When the microporous resin coating layer also serves as a separator as in claim (2), there is no need to provide a special separator, and the structure of the battery becomes simple and the assembly work becomes easy.

As claimed in claim (3), if a microporous resin coating layer that allows ions to move is provided on the surface of the hydrogen storage electrode body, even if there is a coating layer, the hydrogen storage alloy powder therein can be hydrogenated. I can do it.

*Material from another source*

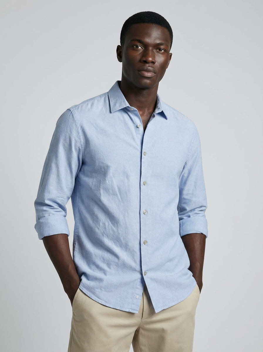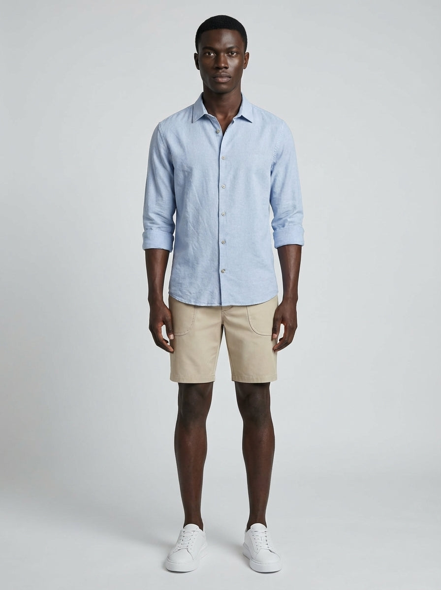 CAMISA M/L LINHO PURO AZUL CLARO

Further, when the microporous resin coating layer is present on the surface of the hydrogen storage electrode body, even if the hydrogen storage alloy powder becomes fine during hydrogenation treatment, the three-dimensional network structure can prevent it from falling off.

As in claim (4), even if the hydrogen storage electrode is compressed by applying external pressure, the covering layer is made of a resin that is more flexible than metal, so it can be prevented from cracking during compression.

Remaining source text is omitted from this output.